24 Temmuz 2009

KAZANAN DOĞU TÜRKİSTAN'DIR

[nabucco.jpg]
İşgalci Çin uluslar arası arenada kendisine ekonomisi için büyük çapta rahatlama sağlayacak ve bir Müslüman Ülke olan Türkiye’yi de yanına alarak çeşitli ekonomik anlaşmaları imzalayacak ve hem Türkistan hemde İslam coğrafyasında ki en önemli engeli aşarak yeni bir Uygur Katliamına girişecekti.Özellikle Türkiye ve diğer İslam Ülkelerinin sesini böylece bastıracaktı. Türkiye’yi anavatanları gibi gören Müslüman Uygur Türklerine bütün İslam aleminde geçmişte olduğu gibi bugünde böylece darbe indiriliyordu.
Böylede olmadı mı?

250-300 senedir devam eden Doğu Türkistan İstiklal Savaşı Urimçi’den sonra yeni bir aşamaya geçmiş bulunuyor.Müslüman Uygur Kadınlarının bile korkusuzca tankların önüne geçerek erkekçe tavır sergileyebildikleri bu istiklal savaşını kesinlikle BM’nin 5 daimi üyesi arasında yer alan Çin’in tek başına gerçekleştirdiği bir katliam gözü ile de bakmıyoruz.Bu katliam emperyalistlerin izin verdiği ölçülerde gerçekleşmiş ve Çin’i rencide etmeyici tavırlar sergileyen sömürgeci Batı’nın gözleri önünde Müslümanlar adeta satırlarla doğranarak şehid edilmiştir.Batı Medeniyeti söz konusu Müslümanlar olunca iki tarafa da itidal çağrısı yaparak yine kendi katliamlarını örtücü açıklamaları sergilemiştir.Kendinden beklenen adi’liği sergilemiştir.
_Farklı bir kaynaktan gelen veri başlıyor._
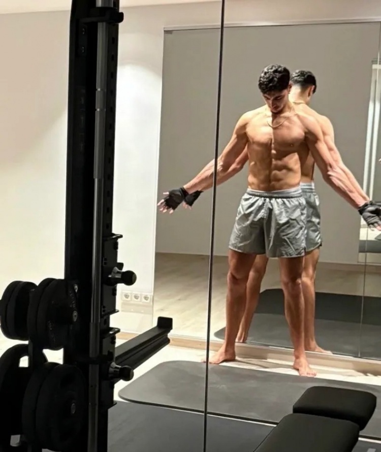 这位21岁的德国国脚近日在社交媒体晒出赤裸上身的照片,展示了令人印象深刻的六块腹肌和发达的胸肩肌肉。

Katliam İçin Urumçi Seçildi ,Ziyaret İçin’de Urimçi seçildi!

Urimçi, 2000’den fazla Müslüman Uygur Türk’ü katledildi.Hem’de Abdullah Gül’ün ziyareti esnasında.Abdullah Gül ve beraberinde ki heyetin göbek dansı yaptığı,çalgılı,sazlı sözlü gezintide bulunduğu Urimçi tam da bu esnada başlatılan Müslüman Uygur avına tabi tutularak adeta Çin,Türkiye’ye meydan okumuş ve Uygur kardeşlerimize çağın en adi soykırımını uygulamıştır.Bizim Batıcı ve Çin dostu basınımız ise bu ziyareti tarihi ve ekonomik bir zafer olarak lanse ediyordu.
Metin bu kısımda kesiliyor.